Statistical Analyses
Single marker association testing of the variants in the targeted regions was performed in PLINK50 (v1.9), using a χ2 allelic test to compare allele frequencies of rare variants (MAF < 1%) between patients and controls, and a logistic regression model for common variants (MAF ≥ 1%) to investigate the additive effect of the minor allele on Alzheimer’s disease status, adjusted by sex and age at onset (for patients) or age at inclusion (for control individuals) covariates. Odds ratios are reported for the minor allele with 95% confidence intervals (CI). Statistical significance thresholds are adjusted for multiple testing by Bonferroni-correction.
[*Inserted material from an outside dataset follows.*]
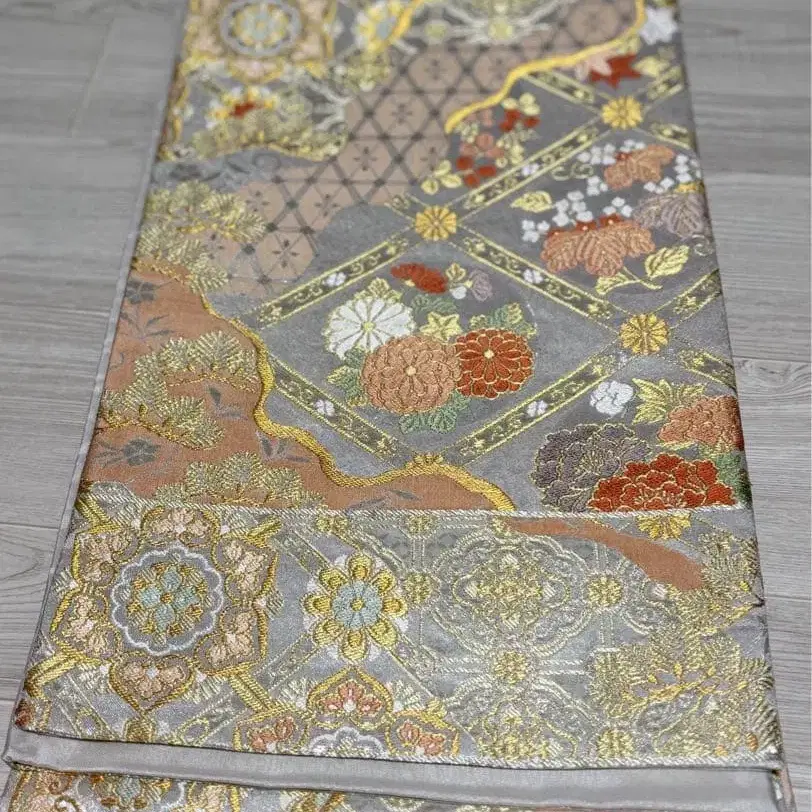 후쿠로 오비 촉강화문 금채 순수 실크 미츠코시

For gene-based rare variant (MAF < 1%) association analysis, the rare variants were classified into two groups based on their predicted functional consequences on the canonical transcripts of the genes as protein-altering (i.e. missense, nonsense, frameshift, and splice site disrupting) and predicted LoF (i.e. nonsense, frameshift, and splice site disrupting) variants and collapsed per gene. Gene-based optimized sequence kernel association test (SKAT-O)51 was used (“SKATBinary” function with ‘method = “SKATO”’ option, available in R package SKAT v1.3.2.1) to assess the combined effect of these rare variants on Alzheimer’s disease.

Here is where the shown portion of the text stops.